Me, gazing longingly at the picture of the yarn: …….

Self: Didn’t you just buy enough yarn to make a sweater? Its yummy and alpaca and silk.  And don’t you have the yarn for two *other* sweaters in your closet?  When do you think you’re going to make the Featherweight?

Me: Well.  Eventually. I’ll get to it.  If I had the yarn, I could knit it soon.

Self: Soon.  You say that a lot.  I don’t think that word means what you think it means.

Me: But I would knit it soon.  Its a summer sweater.  I’d knit it as soon as I got the yarn.

Self: Liar.  Liar, liar, pants on fire.  Besides.  You already decided you weren’t spending any more money on yarn.

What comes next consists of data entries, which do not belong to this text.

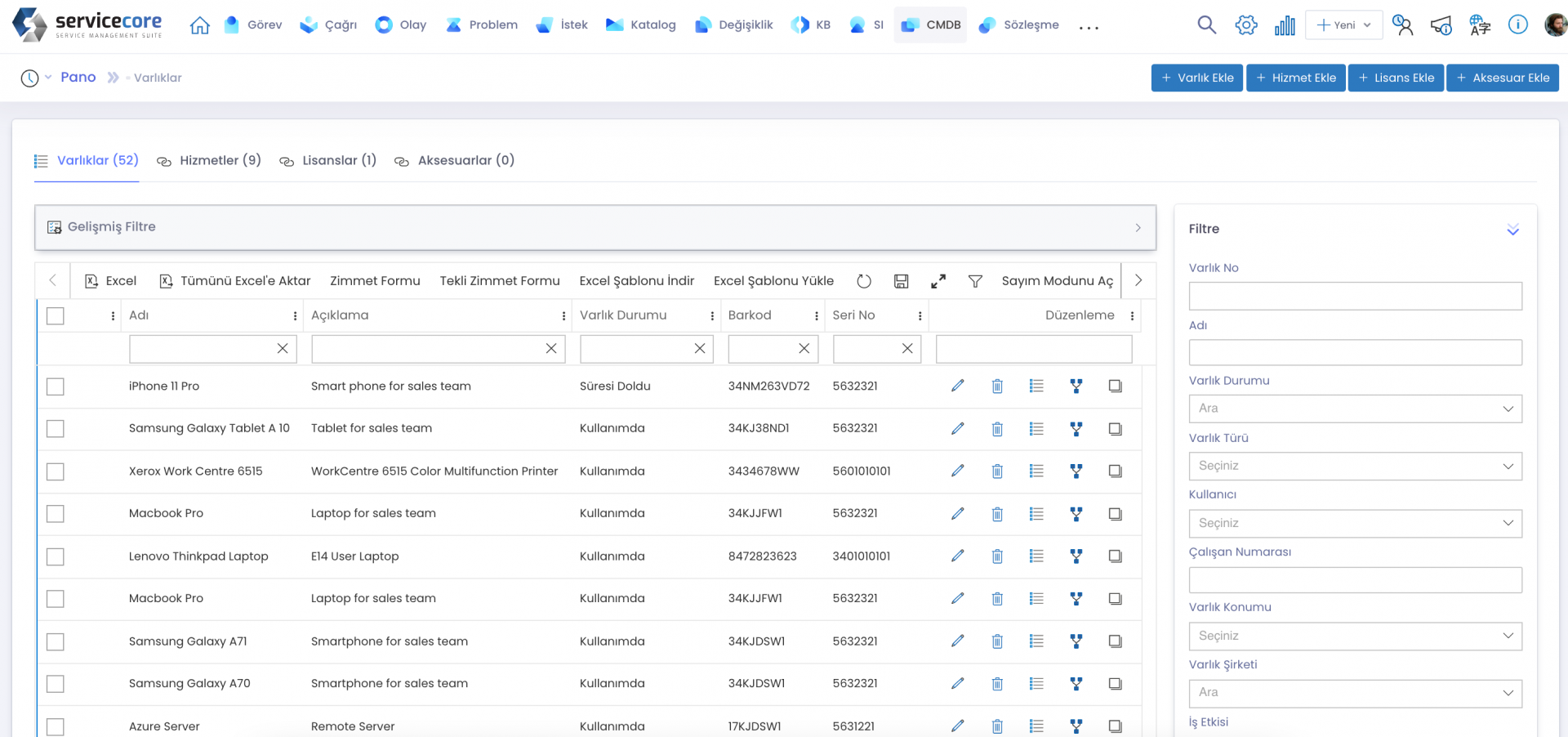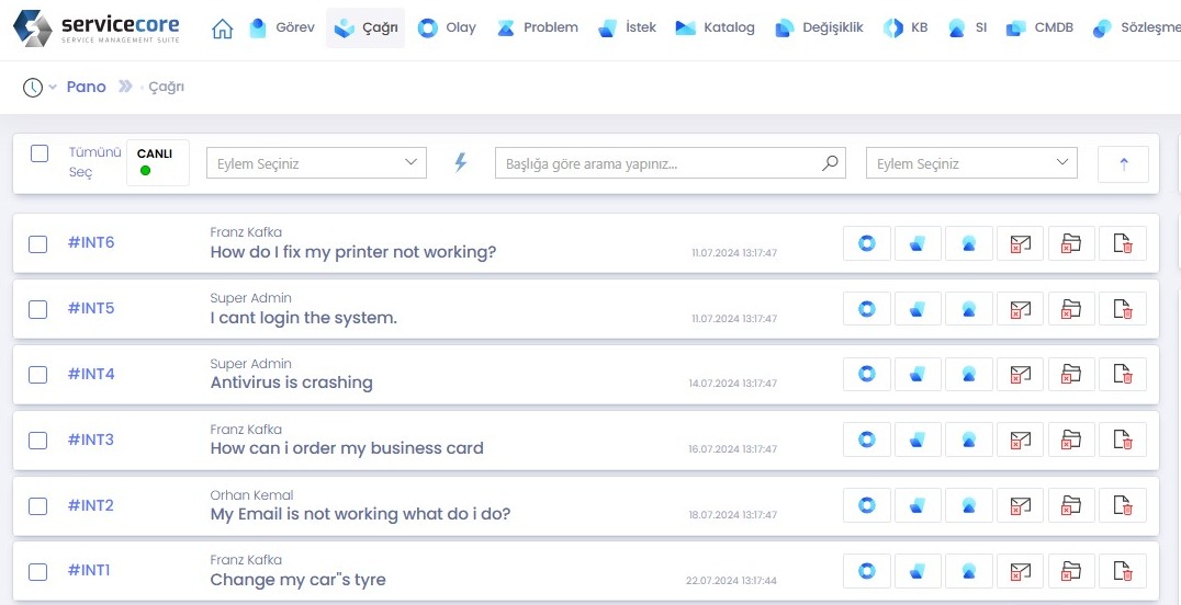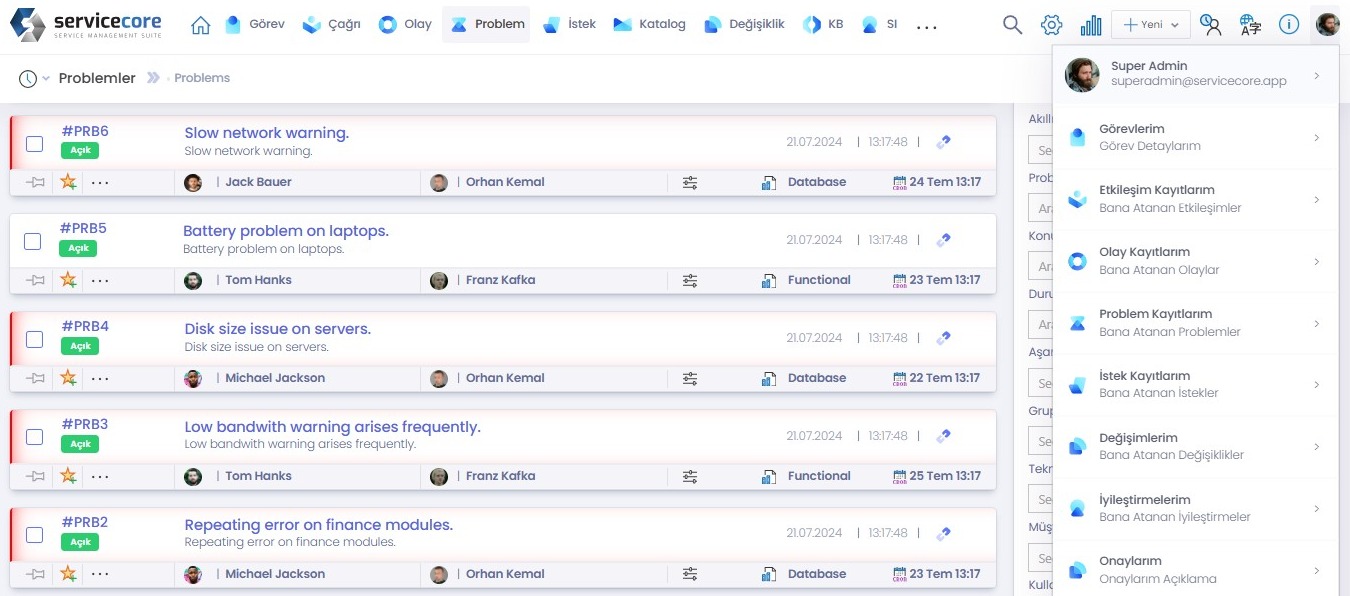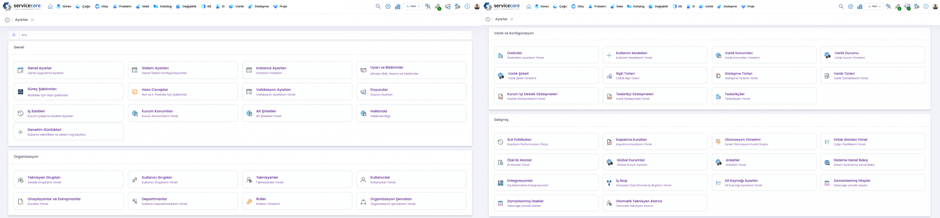 Olay, Problem, İstek, Değişiklik ve Konfigrasyon yönetimi süreçleriyle entegre olan bu modül ile varlıkları tüm süreçler boyunca takip edin.
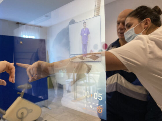 ¿Cómo? Fácil, se sitúan frente al espejo, con el apoyo de la fisioterapeuta del centro y van realizando sencillos ejercicios. El espejo corrige movimientos y marca pautas. Gracias a estas pruebas, los espejos interactivos irán mejorando, incluso, podrán incorporar un plan de ejercicios específicos para personas en silla de ruedas, con el que puedan trabajar el equilibrio y la respiración, además de algún tipo de técnicas para controlar la ansiedad y el nerviosismo.
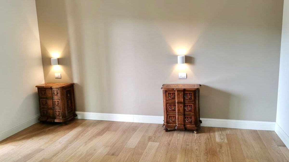 Battiscopa bianco a contrasto modanato in tutta casa per uno stile classico contemporaneo.
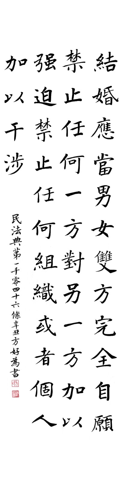 民法典第一千零四十六條 結(jié)婚應(yīng)當(dāng)男女雙方完全自愿,禁止任何一方對另一方加以強(qiáng)迫,禁止任何組織或者個人加以干涉。
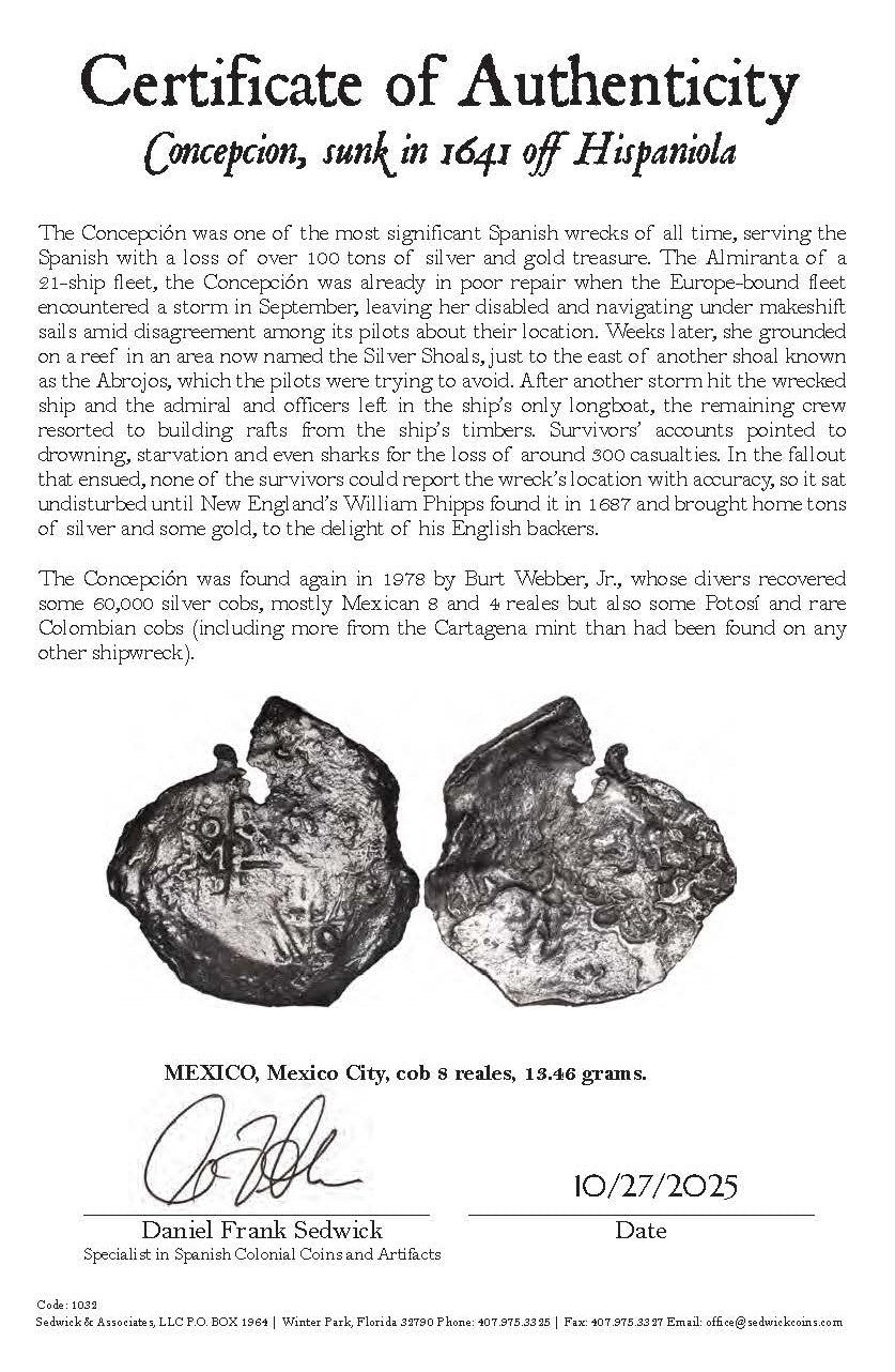 Concepcion Shipwreck (1641) MEXICO Mexico City Silver Cob 8 Reales with COA 1032
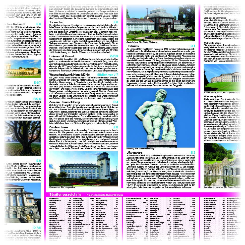 Kassel, märchenhafte documenta-StadtOb Kunst oder Kultur, Shoppingtour oder Entspannung in der Natur: Es gibt viele gute Gründe, Kassel zu besuchen. Die dynamische documenta-Stadt an der Fulda bietet einzigartige Sehenswürdigkeiten ebenso wie kulturelle Höhepunkte - angefangen bei der vielfältigen Museumslandschaft über das UNESCO-Weltkulturerbe Bergpark Wilhelmshöhe bis hin zur Kasseler GRIMMWELT. Ein Spaziergang lohnt zu den 13 documenta-Außenwerken in der Stadtmitte. Mit dem touristischen Stadtplan entdecken Sie alle wichtigen Sehenswürdigkeiten und verlieren dank Umgebungskarte, Innenstadtvergrößerung und Straßenverzeichnis nie die Orientierung.
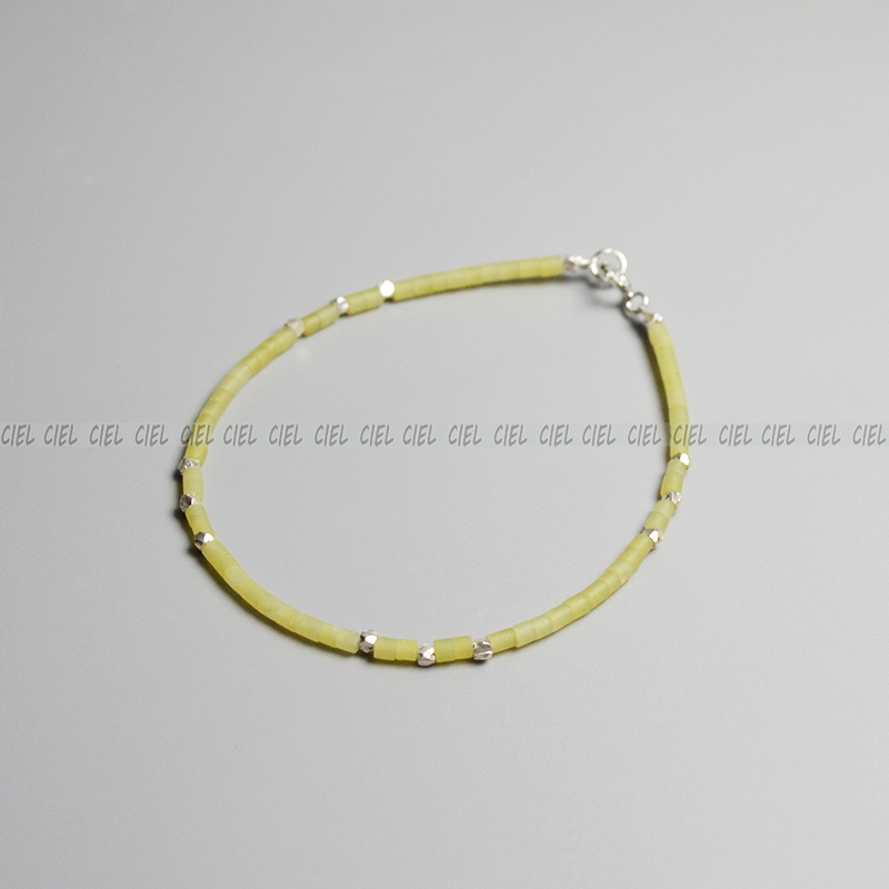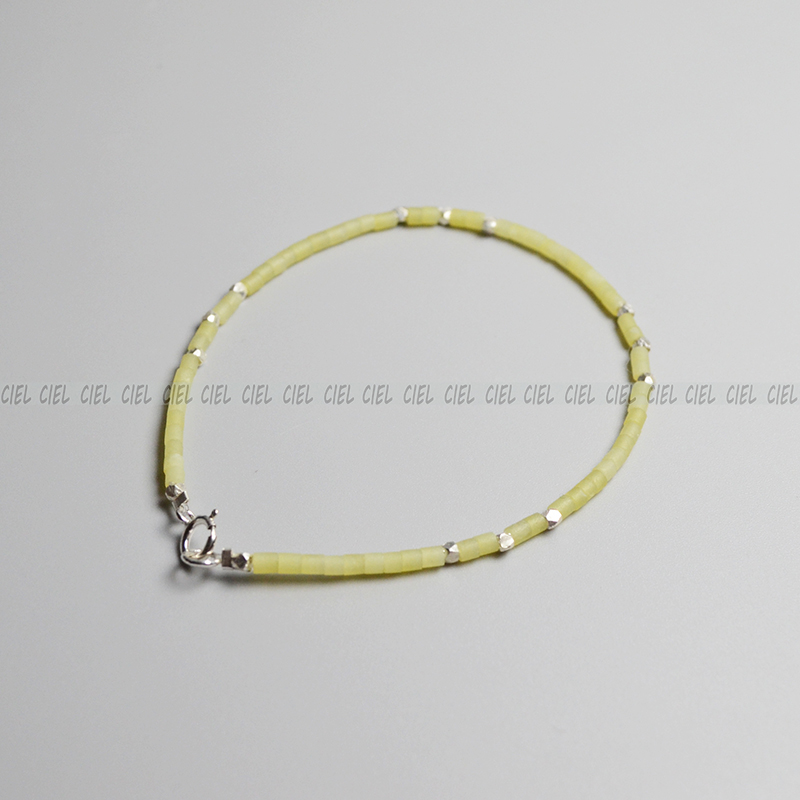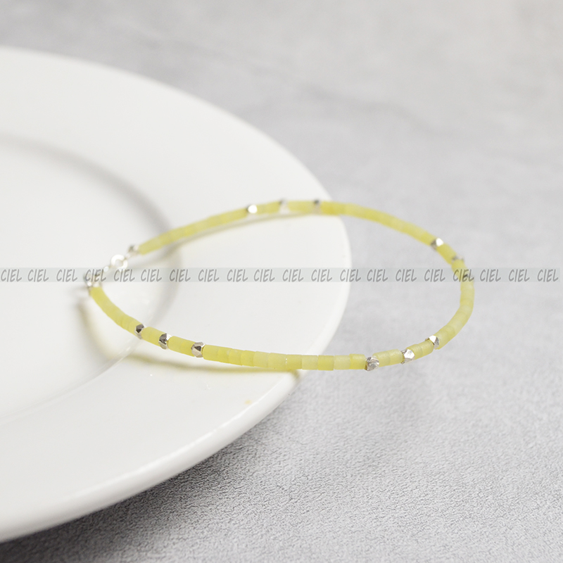 Ciel原创手工天然黄玉手链极细2mm管珠925纯银脚链项链显白
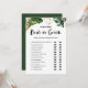 Carte de jeu de devinette de mariage tropicale pou
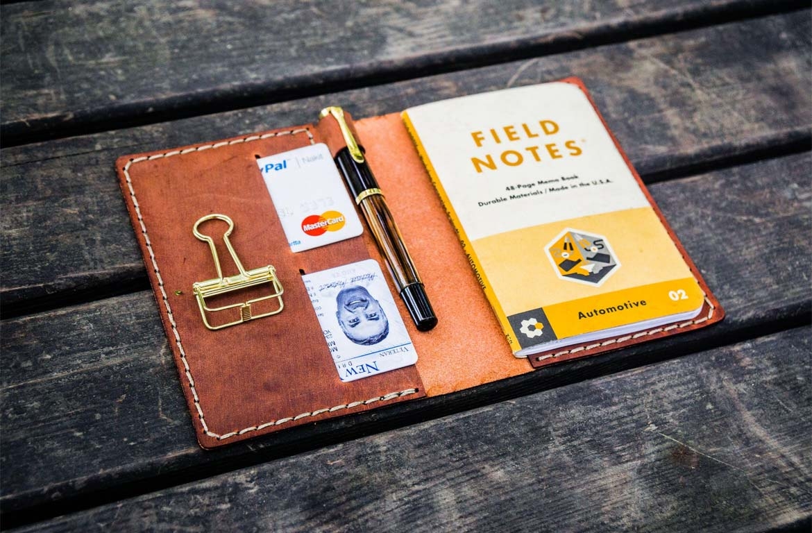 Copertina per taccuino Field Notes personalizzata in pelle n. 33, realizzata a mano.
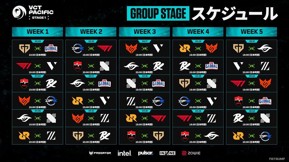 「VCT Pacific Stage 1」は4月3日に開幕し、5月17日にフィナーレを迎えます。試合開始時間は日本時間の17:00を予定しています。
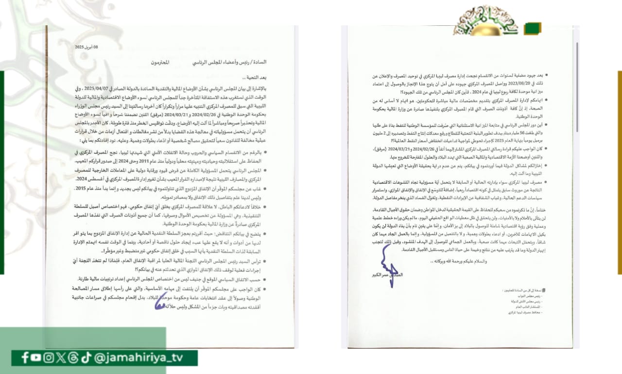وقال الكبير في رسالة له، إن الإنفاق المزدوج ليس بجديد، وإنما بدأ منذ عام 2015، وليس لدينا –أي المصرف المركزي- علم بتفاصيل ذلك الإنفاق ولا بمصادر تمويله.
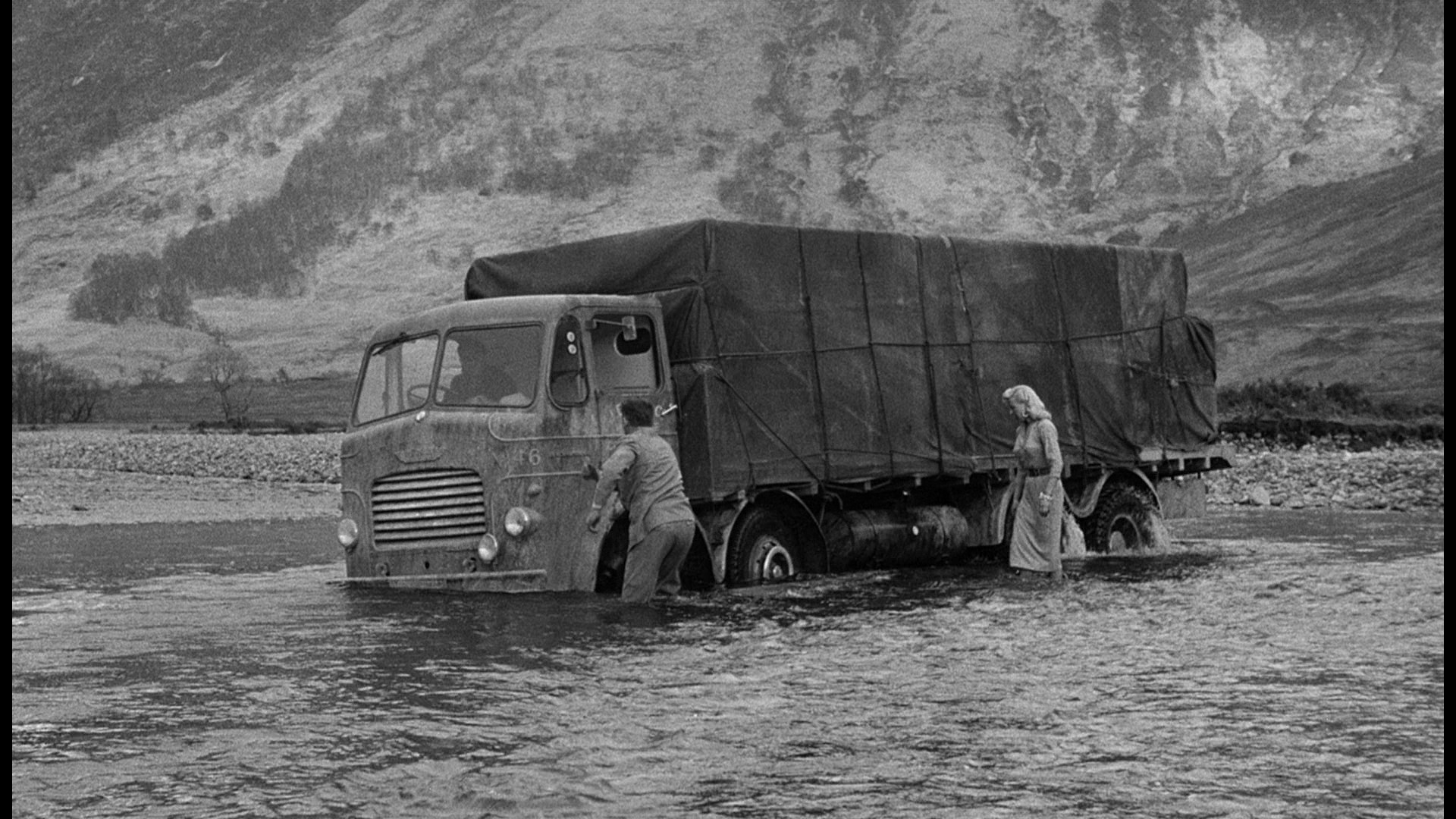 Visually speaking this is definitely the darkest film in the set with an intentionally grainy, sometimes distressed look that gives it a documentary feeling at times. That's reflected in the accurate transfer here which certainly can't be called pretty but does deliver the atmosphere. An insightful new audio commentary with Will Fowler and Vic Pratt covers the frequently rain-choked Liverpool setting, the logistics of the main job, the Frankie Goes to Hollywood connection (yes, really), a surprising detour into borderline Gothic horror territory, and backgrounds on pretty much every actor you see. The 2010 featurette "In for the Long Haul" (9m40s) features interviews with third assistant director Ted Wallis and focus puller Alec Burridge about Dors' often underrated abilities, the process of getting promoted and moved around behind the scenes in the British production system, some noteworthy tricky shots, and the challenges of working with large vehicles in front of multiple cameras. The 1956 short The Long Night Haul (19m40s) is an in-depth

Me: But that was before I found this yarn.  This yarn is worth buying.

Self: Sure. Its great yarn.  It’ll still be great yarn when you’re ready to start knitting that sweater.  Where, exactly, do you think its going to go between now and then?

Me: Well.  Um.  That is….

Self: That’s what I thought.  Knit what you have, and order the yarn when you’re ready to use it.

Me: But I want it now!  It will make me happy!

Self: Yeah, for two seconds after you open it, until you realize that you’re out of room to store yarn and were high on wool fumes when you thought you were going to knit it up right away.

Me: …..

Self: Close the window.  Walk away.  Go pet some cashmere.  It’ll be okay.